Another Chitty gem was this, quoted by Justice A.R.B. Amerasinghe in his book on the Supreme Court of Sri Lanka. It was a rape case and Chitty suggested that village damsels were more sophisticated than some might wish to believe, and that here was no question of outrage of modesty in the case. The judge said that the girl was only fourteen and therefore Counsel’s suggestion was unacceptable. Chitty’s reply was: "While I respectfully bow to your Lordship’s superior knowledge of the ways of village damsels yet age per se is not the most important consideration. Have we forgotten that Juliet had a torrid affair with Romeo at twelve? There can be no hard and fast rules on the matter". A moment’s hush. Loud laughter from the bench. After trying hard to get a difficult opponent to accept a settlement, finally George succeeded when his opponent turned to the judge and said: "To that proposal, your Honour I cannot say nay". George turning to him scornfully said: "Certainly not, unless you are a horse".
On the criminal side there were two scintillating cross - examinations - one by G.G. Ponnambalam Q.C. the most sought after defence lawyer after the legendary R.L. Perera K. C. , of Scotland Yard’s Inspector Godsell in the famous Ranjani taxi cab murder case – the first finger print case in Ceylon. After thoroughly demolishing Godsell’s evidence, G.G. walked up to him as he was stepping down from the witness box, took out his solid gold cigarette case and grinning mischievously offered him a cigarette with the remark: "No hard feelings, Godsell?". The other was Dr. Colvin R. De Silva’s elaborate delicate but devastating cross-examination, in the famous Sathasivam murder case, of a highly respected witness, Professor Milroy Paul, who had to be handled with extreme sensitivity in view of his standing in the profession. Sathasivam the famous cricketer, was indicted for the murder of his wife. High society had hanged him from every lamppost in the city. Justice Gratiaen presided over the trial before a special jury. Dr. Colvin R. De Silva defended him. Satha began the case a villain. The West Indian Cricket team visited him in jail. Upon acquittal he was carried shoulder high out of court by his supporters – a hero once again. It is said that Colvin lost his Wellawatte Parliamentary seat because irate Tamil opinion punished him for securing Satha’s acquittal.

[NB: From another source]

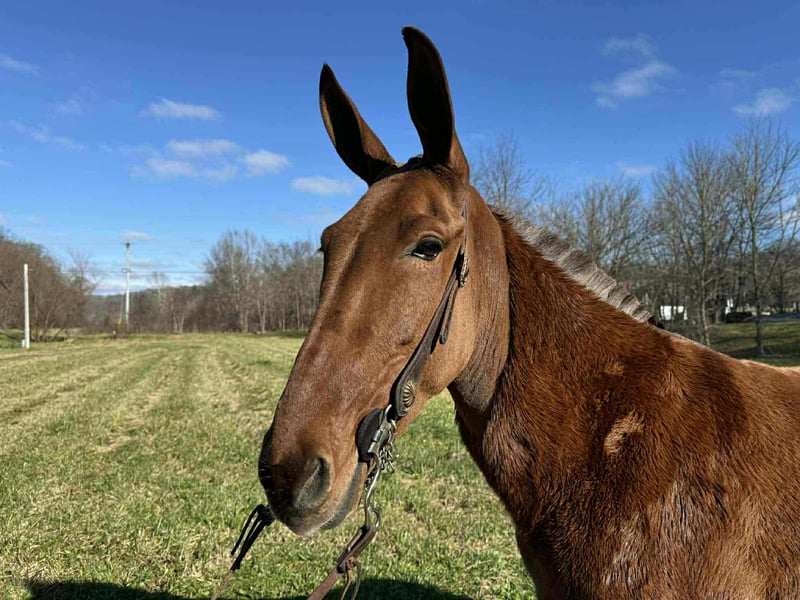 ONLINE AUCTION Place your bids at www.PlatinumEquineAuction.com Starting Bid $3500 Auction ends January 25th, 2026 Need a new saddle? Check out White Rock Saddles on our website or Facebook Jolene is a gorgeous 5 year old Molly mule standing 15 hands tall. This mule is unbelievably gentle and has a one in a Million personality. If you need a confidence booster here she is! Looks, loving and loyalty In one big good looking mule. I can’t count the mules we’ve had or been around but what I know for a fact that a mule with her mind is rare. Jolene trail rides in groups of any size or out alone with zero issues. She’s traffic safe and goes where you point her with out hesitation. She’s calm, willing and loves to please her person. If you’re serious about a good mule here she is! Located in Grassy Creek, KY. For more info contact Zach with Brandenburg Stables 513-508-3684. ONLINE AUCTION Place your bids at www.PlatinumEquineAuction.com Starting Bid $3500 Auction ends January 25th, 2026 Need a new saddle? Check out White Rock Saddles on our website or Facebook

These cases may not be relevant to the flaws in the present Constitution but just look at the names mentioned. Each of them rode like a colossus during their legal career. The family background, upbringing, intellect and vocabulary, they had the ability to think on their feet and quote from the hip as and when required.

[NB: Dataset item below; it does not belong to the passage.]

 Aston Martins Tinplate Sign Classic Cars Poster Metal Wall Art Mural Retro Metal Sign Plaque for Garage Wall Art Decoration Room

We desperately need a new Constitution to address the important questions that arise in a multi-ethnic, pluralistic society such as ours. Our society deserves it because of the supreme worth of the individual, his right to life, liberty and happiness. The law was made for man and not man for the law; that government is the servant of the people and not their master. These are some of the principles, however formulated, for which all good men and women throughout the world, irrespective of race or creed or education, social position or occupation are standing and for which many of them are suffering and dying.